DESAIN SEBAGAI PROSES
“Good design is not about the result, it’s when everybody involved feels good about it”
Kutipan ini sangat representatif di dalam mendeskripsikan tugas seorang desainer.
Hal yang sangat krusial di dalam desain adalah pertanyaan
Proses >< Hasil , manakah yang lebih penting? Apakah hasil karya desain berawal dari rancangan yang self-indulgence yang dicari justifikasinya atau memang merupakan solusi atas kebutuhan komunikasi?

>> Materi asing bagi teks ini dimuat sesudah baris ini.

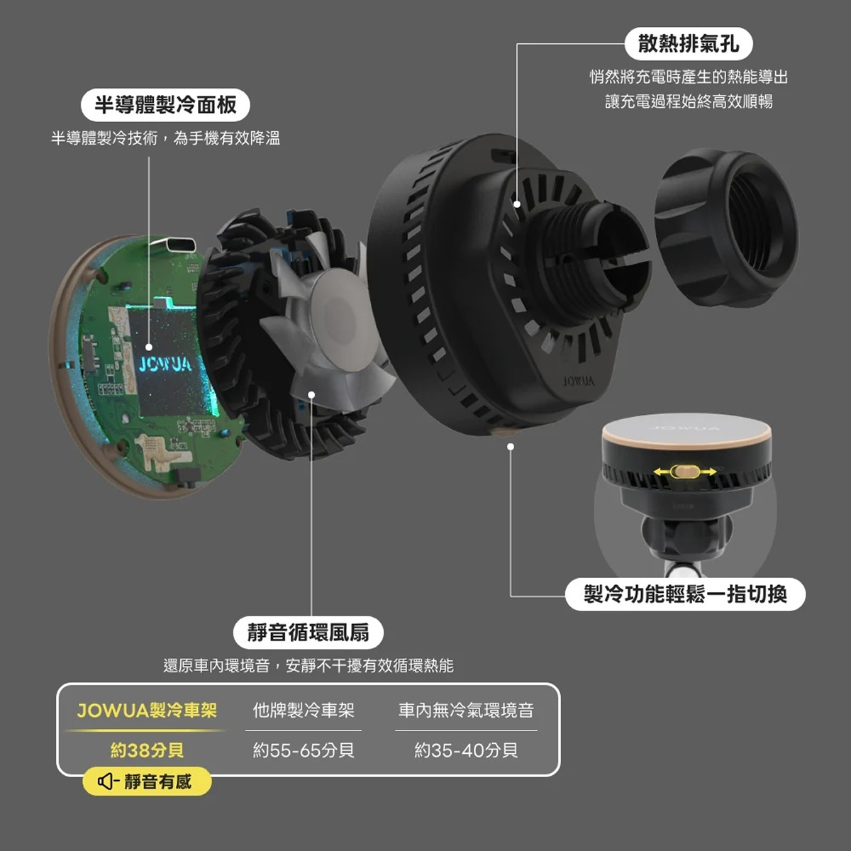 半導體製冷面板:車架面板升級製冷技術,產生冰冷感。使手機降溫,保持最佳充電效能。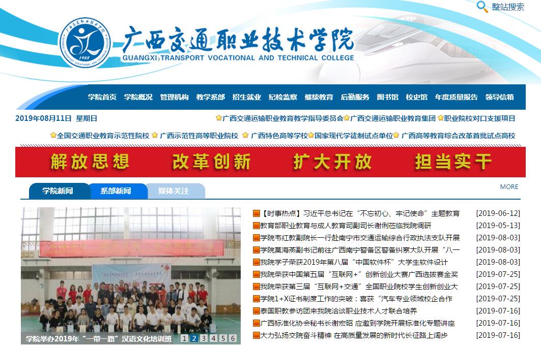廣西交通職業(yè)技術(shù)學(xué)院前身為創(chuàng)建于1958年的國家重點(diǎn)中專廣西交通學(xué)校,隸屬于廣西壯族自治區(qū)交通運(yùn)輸廳。2002年經(jīng)自治區(qū)人民政府批準(zhǔn),升格為公辦全日制普通高等職業(yè)院校,是廣西唯一一所培養(yǎng)交通運(yùn)輸專門人才的高等學(xué)校,榮獲教育部高職高專人才培養(yǎng)工作水平評估優(yōu)秀院校、全國交通職業(yè)教育示范性院校、國家現(xiàn)代學(xué)徒制試點(diǎn)單位、廣西高等教育綜合改革首批試點(diǎn)高校、廣西示范性高等職業(yè)院校、廣西首批特色高校建設(shè)單位、廣西高端應(yīng)用型本科人才聯(lián)合培養(yǎng)試點(diǎn)單位、廣西唯一軍隊(duì)士官直招定點(diǎn)培養(yǎng)院校。學(xué)院占地面積1200多畝,分園湖和四塘兩個(gè)校區(qū)?,F(xiàn)有各類在校學(xué)生13000余人,學(xué)院設(shè)有路橋工程系、汽車工程系、管理工程系、信息工程系、建筑工程系、航海工程系,以及基礎(chǔ)教學(xué)部、思想政治理論課教學(xué)部等教學(xué)部門,開設(shè)有道路橋梁工程技術(shù)、汽車檢測與維修技術(shù)、物流管理、船舶工程技術(shù)等55個(gè)高職專業(yè)和方向。學(xué)院積極建設(shè)交通特色鮮明的品牌專業(yè),其中自治區(qū)級專業(yè)教學(xué)改革與建設(shè)試點(diǎn)專業(yè)2個(gè)、廣西高校優(yōu)質(zhì)專業(yè)7個(gè);交通土建類專業(yè)和物流管理類專業(yè)榮獲“十二五”交通運(yùn)輸部、財(cái)政部交通運(yùn)輸教育與培訓(xùn)重點(diǎn)建設(shè)項(xiàng)目;道路橋梁工程技術(shù)等9個(gè)專業(yè)分別榮獲廣西高等學(xué)校特色專業(yè)及課程一體化特色、優(yōu)勢、急需專業(yè)建設(shè)項(xiàng)目;港口工程技術(shù)等2個(gè)專業(yè)獲教育部、財(cái)政部關(guān)于支持高等職業(yè)學(xué)校提升專業(yè)服務(wù)產(chǎn)業(yè)發(fā)展能力建設(shè)項(xiàng)目。同時(shí),學(xué)院擁有中央財(cái)政支持建設(shè)的國家級示范性實(shí)訓(xùn)基地4個(gè),交通運(yùn)輸部示范性實(shí)訓(xùn)基地2個(gè),自治區(qū)級示范性實(shí)訓(xùn)基地8個(gè),校外實(shí)習(xí)、實(shí)訓(xùn)基地200多個(gè)。學(xué)院還建設(shè)有2門國家級精品課程、15門自治區(qū)級精品課程。學(xué)院打造了一支專兼結(jié)合的師資隊(duì)伍,擁有專任教師556人,企業(yè)兼職教師112人?,F(xiàn)有國家級教學(xué)團(tuán)隊(duì)1個(gè)、自治區(qū)級教學(xué)團(tuán)隊(duì)4個(gè)、廣西創(chuàng)新人才培養(yǎng)教學(xué)團(tuán)隊(duì)2個(gè)、國家級教學(xué)名師1人、交通運(yùn)輸部吳?!袢A優(yōu)秀教師3人、全國交通職業(yè)教育專業(yè)帶頭人3人、廣西優(yōu)秀專家1人、廣西高校教學(xué)名師3人、“八桂名師”1人、廣西職教先進(jìn)個(gè)人2人、“知識型職工標(biāo)兵”2人、“廣西高校優(yōu)秀人才資助計(jì)劃”教師7人、交通運(yùn)輸青年科技英才1人。學(xué)院積極推進(jìn)校企合作、工學(xué)結(jié)合,大力提高學(xué)生職業(yè)技能,在全區(qū)率先導(dǎo)入豐田汽車公司T-TEP(TOYOTA TECHNICAL EDUCATION PROGRAM)項(xiàng)目,成為廣西第一家成立豐田T-TEP學(xué)院的院校。積極探索“訂單式”人才培養(yǎng)模式,與廣西八桂工程監(jiān)理咨詢有限公司、一汽豐田公司、小松工程機(jī)械廣西公司、廣西玉柴物流集團(tuán)有限公司、廣西潤建通信發(fā)展有限公司等知名企業(yè)合作開辦企業(yè)冠名的“八桂班”、“豐田班”、“小松班”、“玉柴班”、“潤建班”等校企合作訂單班,進(jìn)一步促進(jìn)人才培養(yǎng)與行業(yè)、企業(yè)實(shí)際需求的有效銜接,切實(shí)加強(qiáng)學(xué)生技能素質(zhì)的培養(yǎng),提高人才培養(yǎng)質(zhì)量。2015年獲批成為全國首批現(xiàn)代學(xué)徒制試點(diǎn)單位,2016年獲批成立交通運(yùn)輸職業(yè)教育教學(xué)指導(dǎo)委員會(huì)。同時(shí),學(xué)院積極開展對外交流,先后與加拿大、越南、英國、臺(tái)灣等國家和地區(qū)開展了合作辦學(xué)項(xiàng)目,吸收國外先進(jìn)的教學(xué)、管理理念和辦學(xué)經(jīng)驗(yàn),不斷拓寬人才培養(yǎng)的國際視野,2015年獲批成為廣西職業(yè)教育國際合作與交流改革試點(diǎn)院校。學(xué)院堅(jiān)持立足交通,服務(wù)廣西,面向東南亞,主動(dòng)為廣西公路建設(shè)、公路養(yǎng)護(hù)、汽車維修、汽車營銷、交通網(wǎng)絡(luò)技術(shù)、交通運(yùn)輸、現(xiàn)代物流等生產(chǎn)、建設(shè)、管理、服務(wù)第一線培養(yǎng)專業(yè)知識扎實(shí),實(shí)踐能力強(qiáng),具有良好職業(yè)道德的下得去、留得住、用得上、干得好的高技能應(yīng)用型人才。學(xué)院以準(zhǔn)確的辦學(xué)定位、明確的辦學(xué)方向、符合市場需求的教學(xué)模式,主動(dòng)贏得了就業(yè)市場。近年來,學(xué)院畢業(yè)生平均就業(yè)率達(dá)94%,學(xué)院自2003年以來連續(xù)14年被自治區(qū)教育廳評為廣西高校畢業(yè)生就業(yè)工作先進(jìn)集體。60年風(fēng)雨兼程,學(xué)院逐漸凝練形成“依托交通行業(yè)優(yōu)勢,建設(shè)交通特色專業(yè),突出職業(yè)能力培養(yǎng),打造交通人才搖籃”的辦學(xué)特色,成為了廣西交通運(yùn)輸高

Pendekatan terhadap desain sebagai proses akan melibatkan desainer dan klien dalam satu konteks yang sama, yakni sama-sama bertujuan mengekspresikan perusahaan/produk dan berkomunikasi kepada publik. Kesepakatan ini memberikan konsekuensi bagi kedua pihak untuk melakukan diskusi intensif dan mendefinisikan kebutuhan komunikasi dengan jelas. Jika perlu klien dan desainer terlibat di dalam proses brainstorming bersama-sama. Kemudian dari gagasan-gagasan tersebut dikembangkan menjadi solusi desain.
Yang dinilai oleh klien bukanlah hasil desain semata, tetapi proses berpikir dan seluruh pengalaman dari desainer untuk mampu menghasilkan karya.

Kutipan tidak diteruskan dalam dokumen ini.